| title |
PresidioDocumentCleaner |
| id |
presidiodocumentcleaner |
| slug |
/presidiodocumentcleaner |
| description |
Use `PresidioDocumentCleaner` to replace PII in Document text with entity type placeholders, powered by Microsoft Presidio. |
PresidioDocumentCleaner replaces personally identifiable information (PII) in the text content of Documents with entity type placeholders such as <PERSON> or <EMAIL_ADDRESS>. Original Documents are not mutated. Documents without text content pass through unchanged.
pip install presidio-haystack
# Download the English NLP model required by Presidio's analyzer engine
python -m spacy download en_core_web_lg
from haystack import Document
from haystack_integrations.components.preprocessors.presidio import PresidioDocumentCleaner
cleaner = PresidioDocumentCleaner()
result = cleaner.run(documents=[
Document(content="Contact Alice Smith at alice@example.com or 212-555-1234.")
])
print(result["documents"][0].content)
# Contact <PERSON> at <EMAIL_ADDRESS> or <PHONE_NUMBER>.
from haystack import Document, Pipeline
from haystack.components.writers import DocumentWriter
from haystack.document_stores.in_memory import InMemoryDocumentStore
from haystack_integrations.components.preprocessors.presidio import PresidioDocumentCleaner
document_store = InMemoryDocumentStore()
indexing_pipeline = Pipeline()
indexing_pipeline.add_component("cleaner", PresidioDocumentCleaner())

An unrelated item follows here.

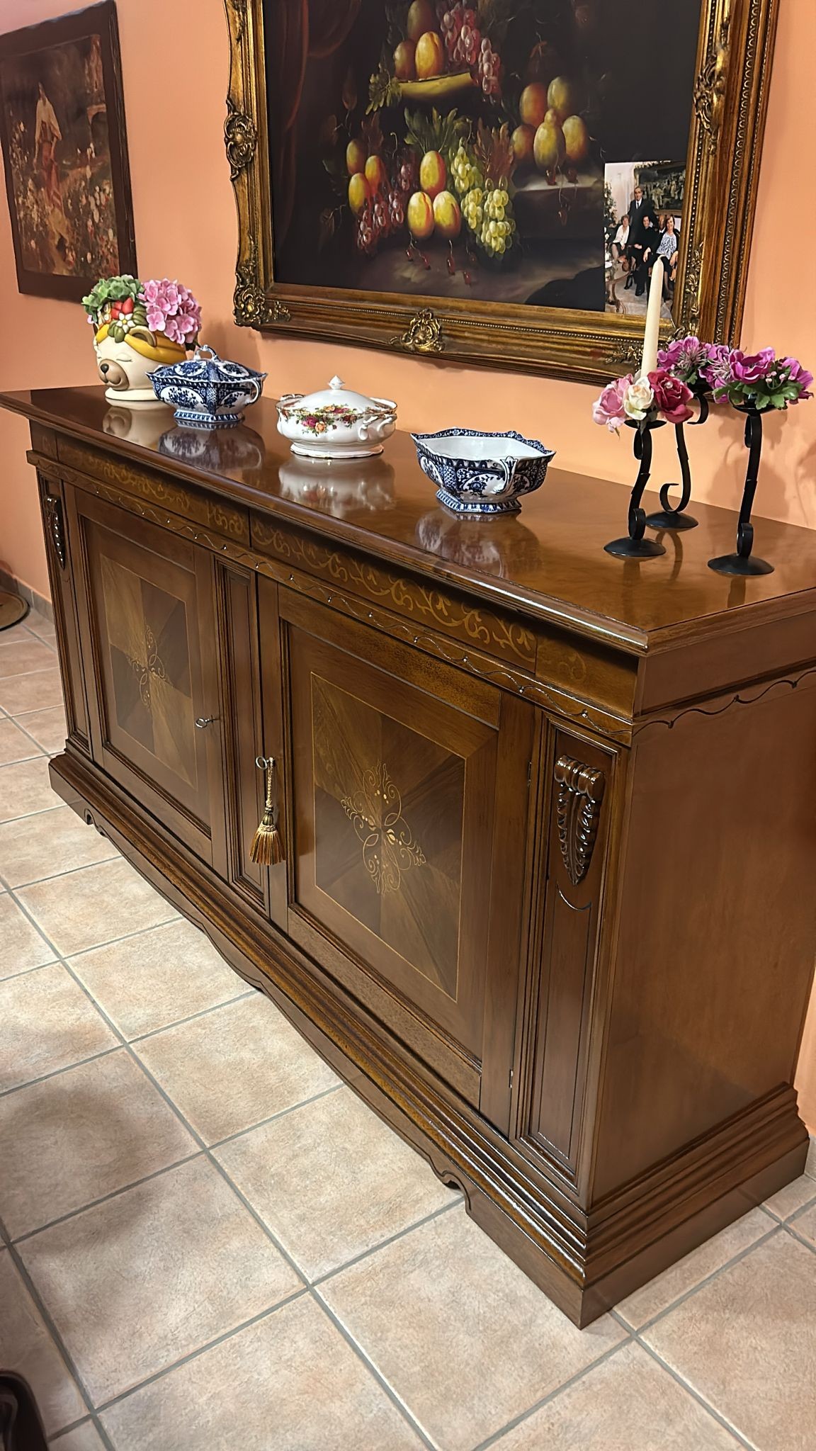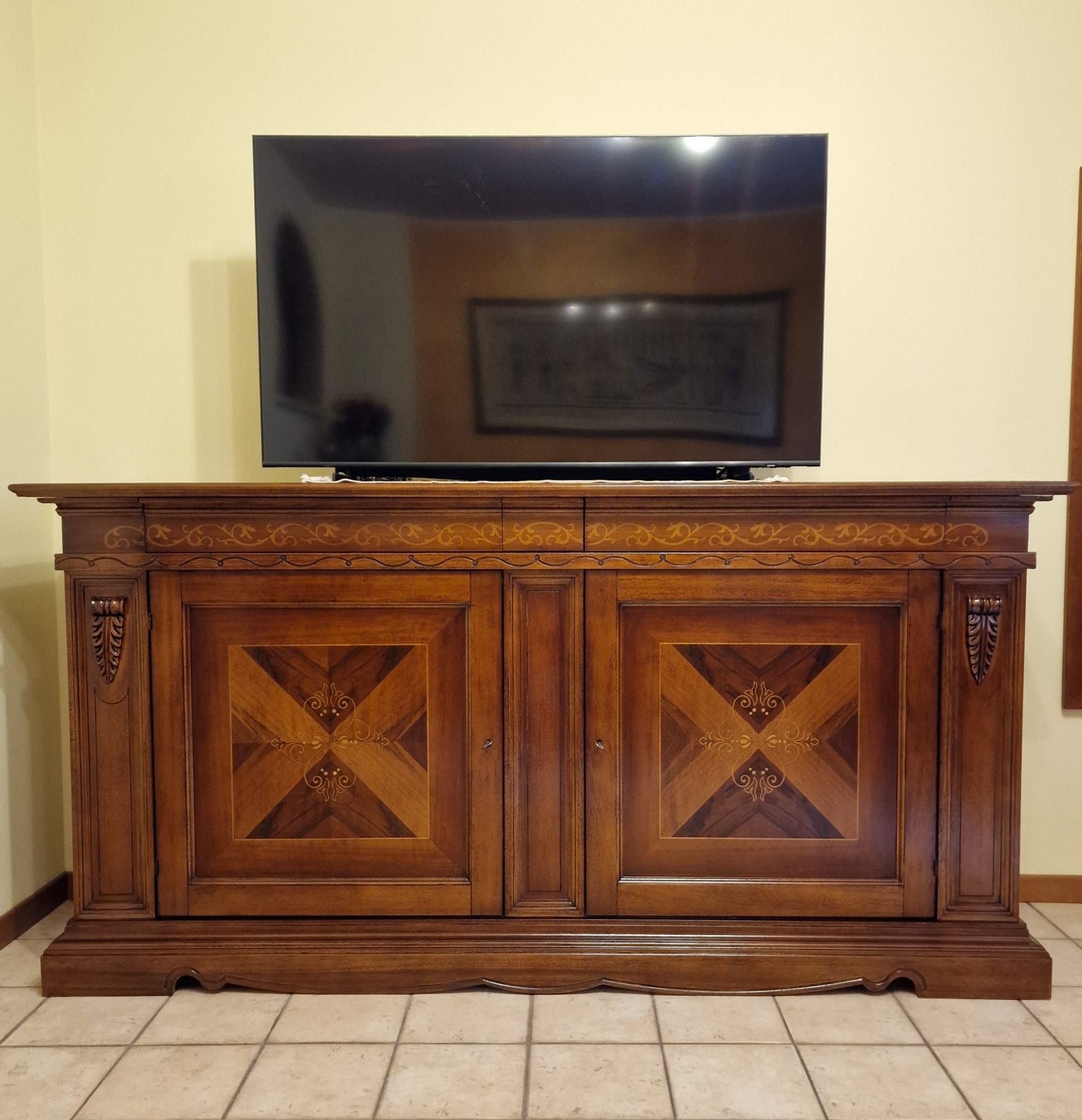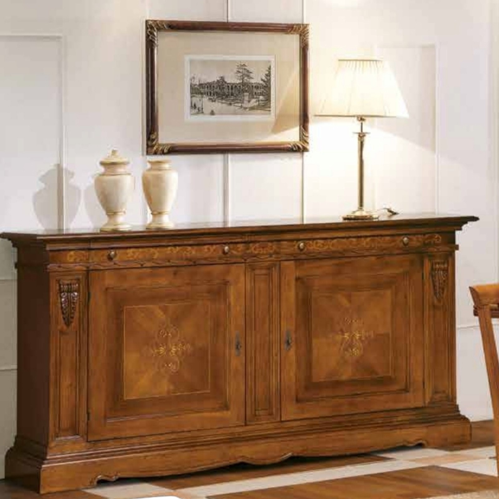 - Caratteristiche: 2 ante in legno con intarsio, 2 cassetti in legno.

indexing_pipeline.add_component("writer", DocumentWriter(document_store=document_store))
indexing_pipeline.connect("cleaner", "writer")
indexing_pipeline.run({
"cleaner": {
"documents": [
Document(content="Alice Smith's email is alice@example.com"),
Document(content="Call Bob at 212-555-9876"),
]
}
})
| Parameter |
Default |
Description |
language |
"en" |
Language code for PII detection. See supported languages. |
entities |
None |
List of PII entity types to detect (e.g. ["PERSON", "EMAIL_ADDRESS"]). If None, all supported types are detected. |
score_threshold |
0.35 |
Minimum confidence score (0–1) for a detected entity to be included. |
from haystack_integrations.components.preprocessors.presidio import PresidioDocumentCleaner
cleaner = PresidioDocumentCleaner(
language="de",
entities=["PERSON", "EMAIL_ADDRESS"],
score_threshold=0.7,
)
See Presidio supported entities for the full list of detectable PII types.